Example 2: AAV Constructs Displaying Long Stretches of Identical Nucleotides are Subject to Incomplete Packaging

Material and Methods

Production of Viral Vectors

[0125] AAV vectors carrying cDNA encoding mouse-RdCVF, RdCVFL or eGFP were produced by the plasmid co-transfection method (31). Recombinant AAV was purified by cesium chloride or iodixanol gradient ultracentrifugation. The viral eluent was buffer exchanged and concentrated with Amicon Ultra-15 Centrifugal Filter Units in PBS and titrated by quantitative PCR relative to a standard curve.

Denaturing gel Electrophoresis

[0126] The genomic DNA was extracted and subjected to denaturing gel electrophoresis. The size of the nucleic acids was compared to a DNA ladder.

Results

[0127] The FIGS. 2 and 4F show that the construct CT37, disclosed in WO2016/185037 and thus not a construction according to the invention. This comparative example_which only expresses RdCVF is subject to a complete packaging since its production results in DNA at the expected sizes of 5000 bp.

[0128] As shown at FIGS. 2 and 4F, CT35, which comprises a repeat of 390 contiguous identical nucleotides (FIG. 4A), is subject to incomplete packaging since its production results in abnormal AAV genome sizes instead of AAV genome of 4804 bp.

[0129] Thus, it is well demonstrated that expressing a first nucleic acid encoding RdCVF and a second nucleic acid encoding RdCVFL in an AAV can lead to incomplete encapsidation of the AAV single strand DNA within the viral capsid.
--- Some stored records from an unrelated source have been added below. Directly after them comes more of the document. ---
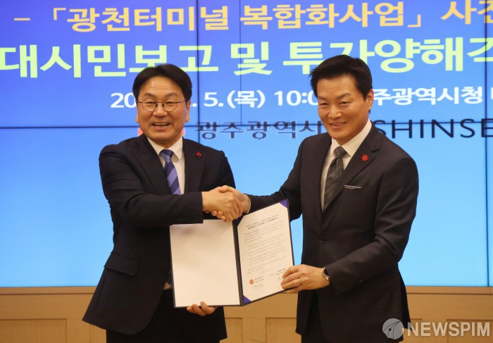 [광주=뉴스핌] 박진형 기자 = 강기정 광주시장(왼쪽)과 박주형 신세계 대표이사가 5일 오전 광주시청 비즈니스룸에서 광천터미널 복합화사업 관련해 투자양해각서를 체결한 뒤 기념 촬영을 하고 있다.2026.02.05 bless4ya@newspim.com
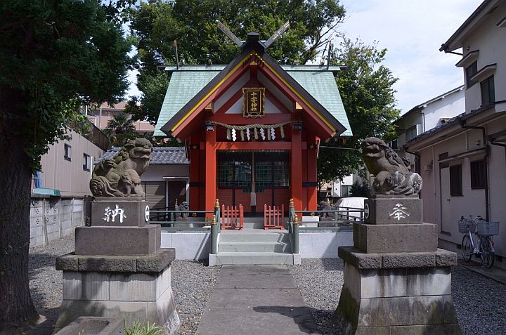 東急多摩川線「矢口渡」駅より西へ徒歩10分程の所に鎮座しています。参道が駐車場となっています。狛犬台座の社紋は同じ矢口の新田神社と同じです。新田氏の家紋は「大中黒・新田一つ引(おおなかぐろ ・にったひとつびき)」。
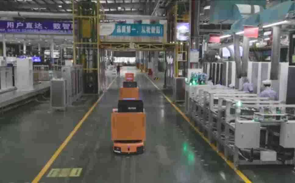 为车载冰箱物流配送打造的智能解决方案,,包含产中物流通过潜伏举升AMR搬运至线边,,,产后成品物流智能仓储,,,,流程包含产中物流智能齐套入库,,,线边安灯叫料AMR智能配送至线边,,,成品入库、、出库,,,通过无人堆高车机器人,,,智能仓储管理替代人工作业管理,,,实现更高存储、、、更高效率、、更具柔性化的解决方案。。

[0130] In contrast, the construct C06 according to the invention, which expresses both RdCVF and RdCVFL and comprises a direct repeat of only 167 nucleotides long, show a band at the expected size of 4942 bp. This result demonstrates a complete encapsidation with the construct C06.

[0131] In the same way, the construct C03, which comprises a repeat of 9 contiguous identical nucleotides, shows a single band at the expected size of 4926 bp.
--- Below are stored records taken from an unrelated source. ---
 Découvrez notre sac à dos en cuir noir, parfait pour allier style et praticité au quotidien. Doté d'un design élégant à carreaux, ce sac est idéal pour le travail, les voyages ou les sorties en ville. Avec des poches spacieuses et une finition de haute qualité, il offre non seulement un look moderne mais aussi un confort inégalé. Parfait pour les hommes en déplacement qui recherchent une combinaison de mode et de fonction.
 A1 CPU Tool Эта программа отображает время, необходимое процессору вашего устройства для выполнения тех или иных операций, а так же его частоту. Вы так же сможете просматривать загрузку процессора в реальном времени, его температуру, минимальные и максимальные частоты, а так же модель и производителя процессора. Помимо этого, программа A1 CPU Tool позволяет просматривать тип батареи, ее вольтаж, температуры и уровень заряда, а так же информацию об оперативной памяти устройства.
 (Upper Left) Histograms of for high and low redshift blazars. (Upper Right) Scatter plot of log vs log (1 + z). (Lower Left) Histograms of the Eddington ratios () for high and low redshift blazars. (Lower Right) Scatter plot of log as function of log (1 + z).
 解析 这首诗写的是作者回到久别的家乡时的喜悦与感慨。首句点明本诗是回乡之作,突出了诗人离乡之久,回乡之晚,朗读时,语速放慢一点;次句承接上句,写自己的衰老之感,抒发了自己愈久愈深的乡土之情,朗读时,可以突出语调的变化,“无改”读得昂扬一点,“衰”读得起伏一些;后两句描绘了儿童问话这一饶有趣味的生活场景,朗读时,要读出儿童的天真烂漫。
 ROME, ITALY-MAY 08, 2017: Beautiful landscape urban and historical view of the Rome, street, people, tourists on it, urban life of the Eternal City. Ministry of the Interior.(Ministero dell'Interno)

[0132] It is shown that decreasing the number of contiguous identical nucleotides shared between the two expression cassettes, allows to increase the proportion of complete encapsidation of an AAV comprising both a nucleic acid encoding RdCVF and a nucleic acid encoding RdCVFL.

[0133] Thus, the inventors have demonstrated that complete packaging is obtained when the first and second expression cassette do not contain more than 200 contiguous nucleic acids.
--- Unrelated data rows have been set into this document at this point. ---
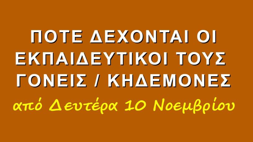 Οι ημέρες και ώρες της εβδομάδας που δέχονται οι εκπαιδευτικοί του σχολείου τους γονείς και κηδεμόνες για να συζητήσουν θέματα που αφορούν τα παιδιά μας είναι:
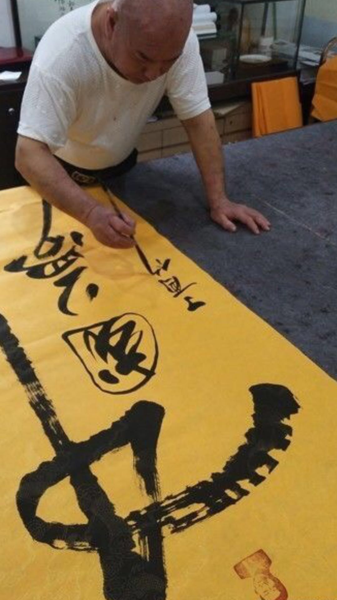 观看倪继周先生书写“中国梦”是一种享受。自从习近平提出“中国梦”以来,他一直在书写“中国梦”,几乎每天都写。究竟写了多少幅,自己也说不清了。
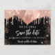 Ett giftigt och trendig Spara datum för en 18:e (eller någon annan ålder) födelsedagsfest. En svart bakgrund med droppar och ballonger från ro guld. Anpassa och lägg till datum och namn/ålder. Texten: Spara datumet skrivs med ett stort trendig-handskript i stil.
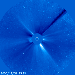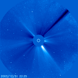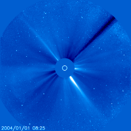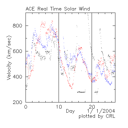 2004/ 1/ 2 12:19 更新 太陽風が高速です。オーロラ活動も活発です。あと1日程度で一旦静まると予想されます。 担当 篠原 昨日お伝えした、1日7時(世界時31日22時)のC8クラスのフレア(太陽爆発)による CME(太陽プラズマの放出現象)が、SOHO衛星で観測されていましたので紹介します。 LASCO C3カメラ写真2枚目の、太陽の左側に小さく、飛び出しはじめのCMEが写っています。 残念ながら途中の撮影が無かったため、3枚目ではすっかり広がってしまっていますが、 画面の左端の手前くらいにCMEの先頭が延びているのが分かります。 ACE衛星の観測によると、現在も太陽風の速度(黄色線)は550km/秒と高いレベルを保っています。 昨日の磁場強度(白線)は5〜10nT程度を保ち、南向き(赤線がー側へ振れる)の時間帯が多かったため、 激しいオーロラ活動が時々発生していた様です。 オーロラの活動度を示すAE指数を見ると、1日18時、22時、2日3時(世界時1日9時、13時、18時)に 1000nTに達する激しい変化が見られます。 それ以外の時間でも、250〜500nTの変化を示しており、一日中オーロラ活動が活発だった様です。 太陽風磁場の強度は昨日より緩やかに減少の傾向を示していますので、 擾乱の起こり方は次第に弱まって行くと思われます。 SOHO衛星の観測が無いため、コロナホールの状況が分かりません。 太陽風は太陽の自転によって、27日周期で同じ変化を示す傾向があります。 27日前の太陽風の様子を振り返って、これからの変化を考えてみます。 下に「太陽風速度の27日間の変化」という図を示しています。 赤線に注目してください。これは過去27日間の太陽風速度の変化を示しています。 言い換えると、これから27日間の太陽風速度の予想とも言えます。 左端が現在です。27日前も今日と同じ550km/秒程度の高速な状態だった事が分かります。 この図によると高速太陽風はあと1日程度で下がり、静穏レベルに戻ります。 しかし、2日後から再び上昇し、4日後には800km/秒と大変高速な状態に達します。 こちらの高速太陽風は8日間も続いています。 これだけ長期に続くのは、太陽面に大規模なコロナホールが発生していたためです。 来週は警戒が必要でしょう。 ミクロネシア、ヤップ島の磁力計。NOAAの気象台に間借りして設置しています。赤道の磁気変化は宇宙天気研究にたいへん重要です。 (c) CRL ![]() 太陽風速度の27日間の変化 (c) CRL ![]() SOHO衛星のLASCO C3カメラの映像 (c) SOHO (ESA & NASA)
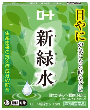 ロート新緑水は目やにの悩みを考えた処方設計。ダブルの製薬由来の抗炎症成分※6が炎症をしっかり鎮めて、目のかすみ※1、眼病予防に効果を発揮する目薬です。
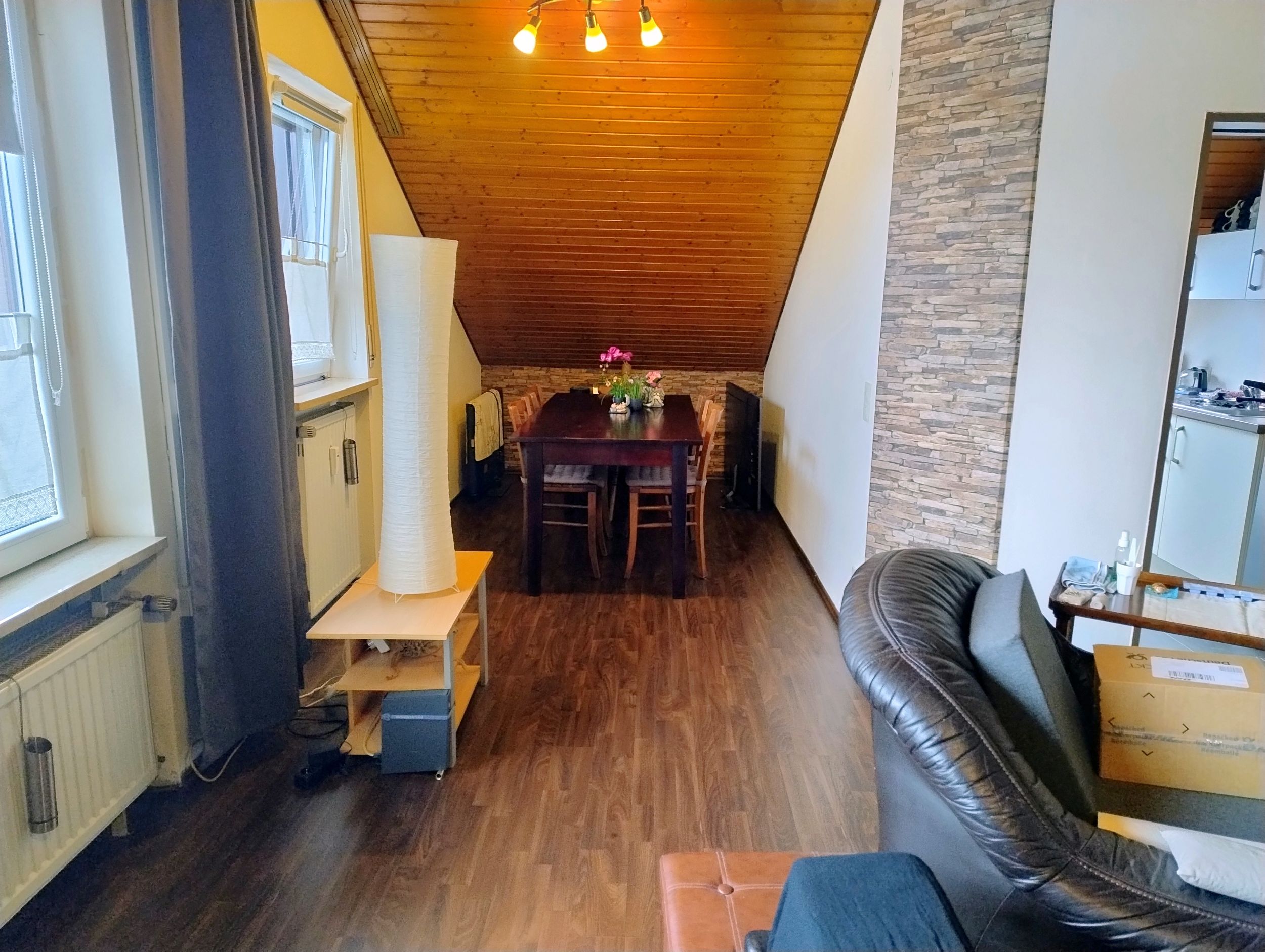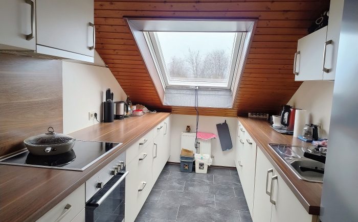 Die Wohnung befindet sich im Dachgeschoss – Sie verfügt über einiges mehr an Bodenfläche als die Angabe in DIN angibt.

[0134] To further explore the phenomenon, analytical ultracentrifugation was used according to Burnham et al. (35) to compare the different constructs (FIGS. 4G and 4H). The results for C03 and C06 show that the extra band observed in the denaturing gel matches that of the high percentage of AAV particles with intermediary sedimentation coefficients, represent particles that are between full and empty, and thus corresponding to particles comprising an AAV incompletely packaged. In accordance with the results obtained in the denaturing gel electrophoresis, construct C06 shows full encapsidation of 18% and construct C03 yielded appropriate results in the analytical ultracentrifugation method, indicating a high percentage of full AAV particles (58%) (FIG. 4H).

[0135] This confirms that there is an increase of the percentage of particles with integral genome when the number of contiguous identical nucleotides shared between the two expression cassettes is no superior to 200.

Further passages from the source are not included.